▶ Problem statement
Skip the pictures and copy all the data that follows exactly.

#####

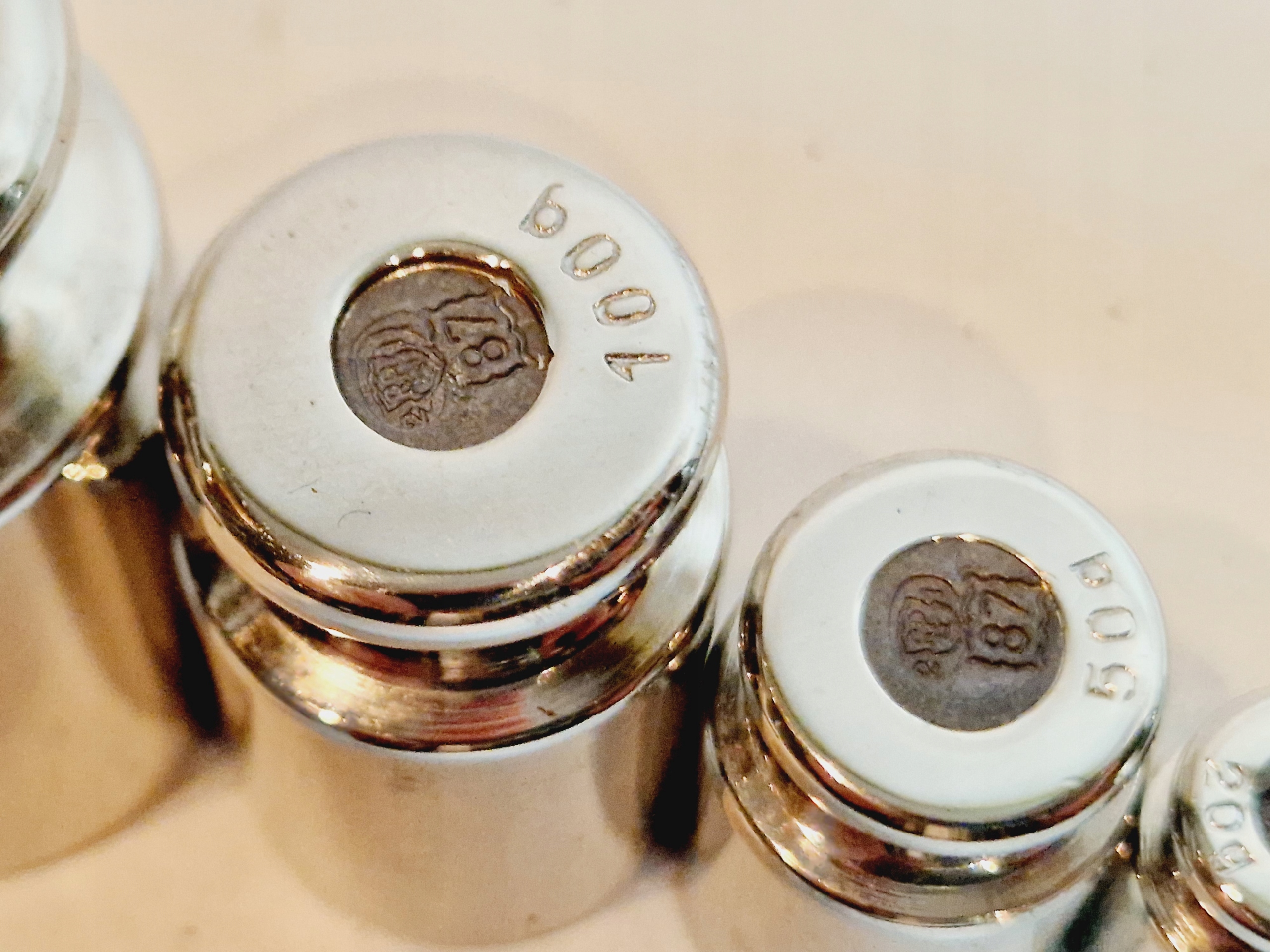 Знаки легализации на головках больших гирь (вставки из свинцовых дисков) и на нижней части пяти самых маленьких:
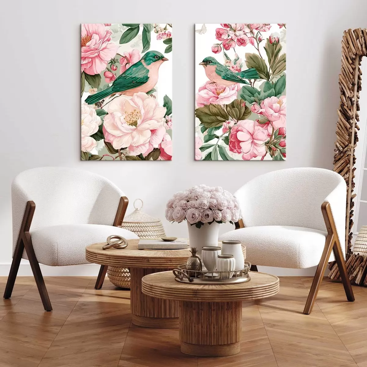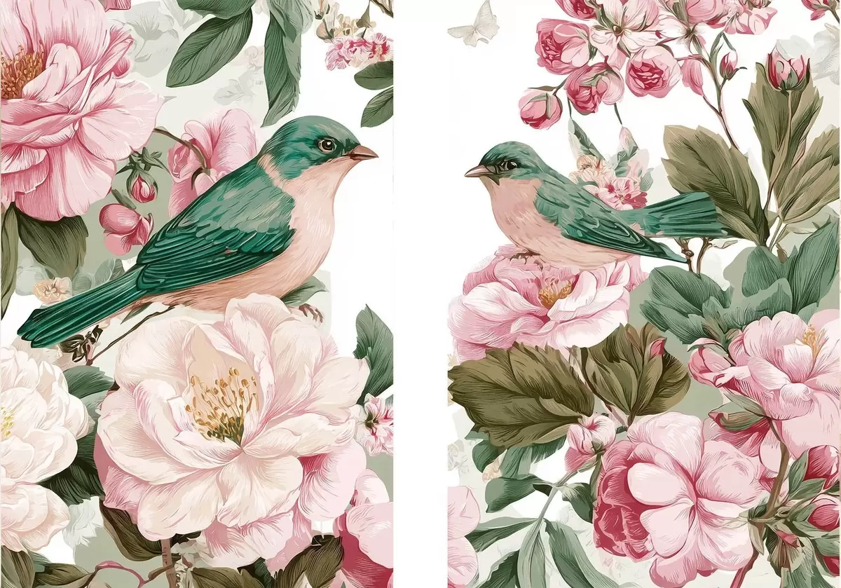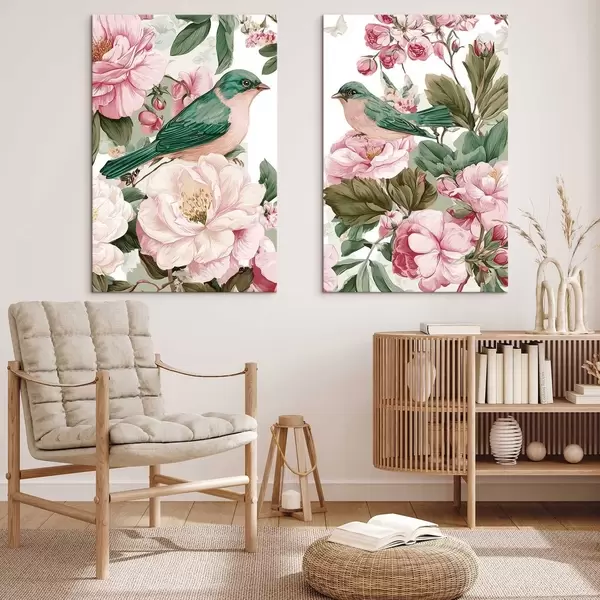 Obraz Ptáci na jemně růžových květech Č. m30386
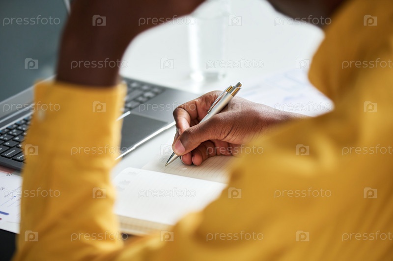 Рука молодого исполнительного директора или аналитика, делающего заметки в блокноте
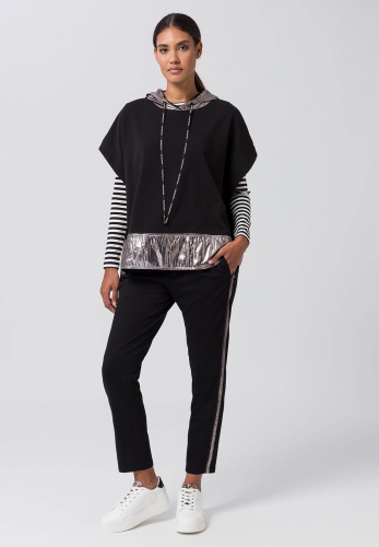 Однотонные брюки в спортивном стиле. Прямой силуэт, укороченная длина. Комфортная средняя посадка. Лампасы в цвете металлик сбоку брючин.
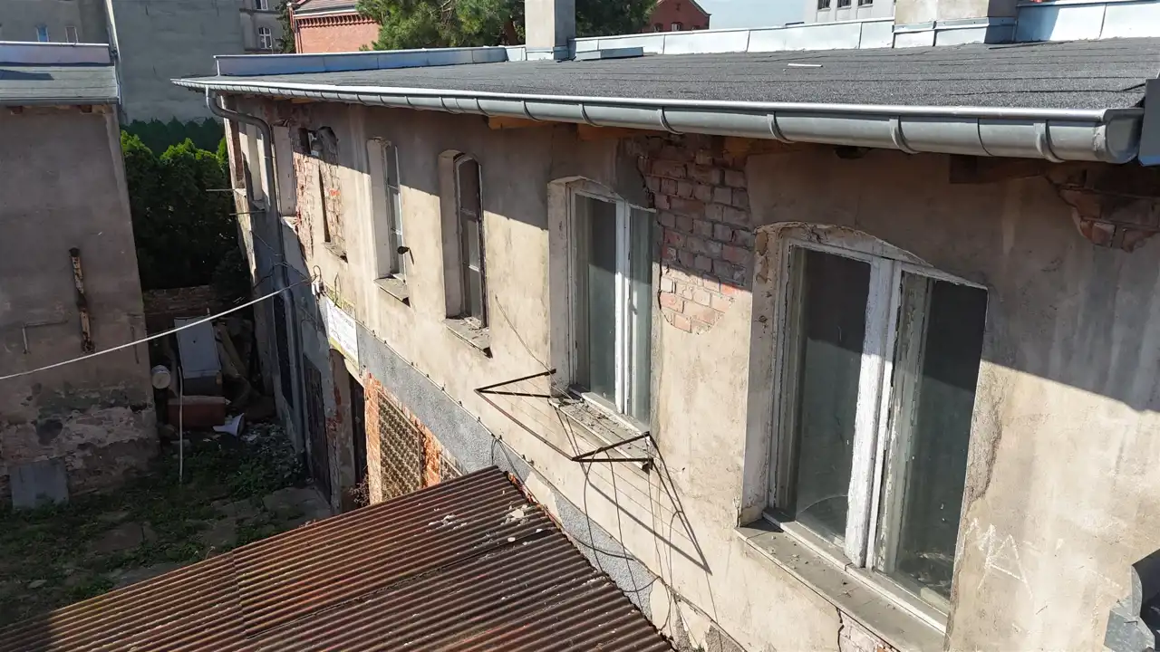 Budynek posiada solidną konstrukcję, a dach został całkowicie wymieniony w 2023 roku, co znacznie zwiększa bezpieczeństwo i komfort użytkowania. Pozostała część nieruchomości wymaga remontu, co otwiera szerokie możliwości adaptacyjne – od gruntownego odnowienia lokali mieszkalnych po modernizację części usługowej na potrzeby działalności gospodarczej.

#####

▶ Task answer
 Знаки легализации на головках больших гирь (вставки из свинцовых дисков) и на нижней части пяти самых маленьких:
 Obraz Ptáci na jemně růžových květech Č. m30386
 Рука молодого исполнительного директора или аналитика, делающего заметки в блокноте
 Однотонные брюки в спортивном стиле. Прямой силуэт, укороченная длина. Комфортная средняя посадка. Лампасы в цвете металлик сбоку брючин.
 Budynek posiada solidną konstrukcję, a dach został całkowicie wymieniony w 2023 roku, co znacznie zwiększa bezpieczeństwo i komfort użytkowania. Pozostała część nieruchomości wymaga remontu, co otwiera szerokie możliwości adaptacyjne – od gruntownego odnowienia lokali mieszkalnych po modernizację części usługowej na potrzeby działalności gospodarczej.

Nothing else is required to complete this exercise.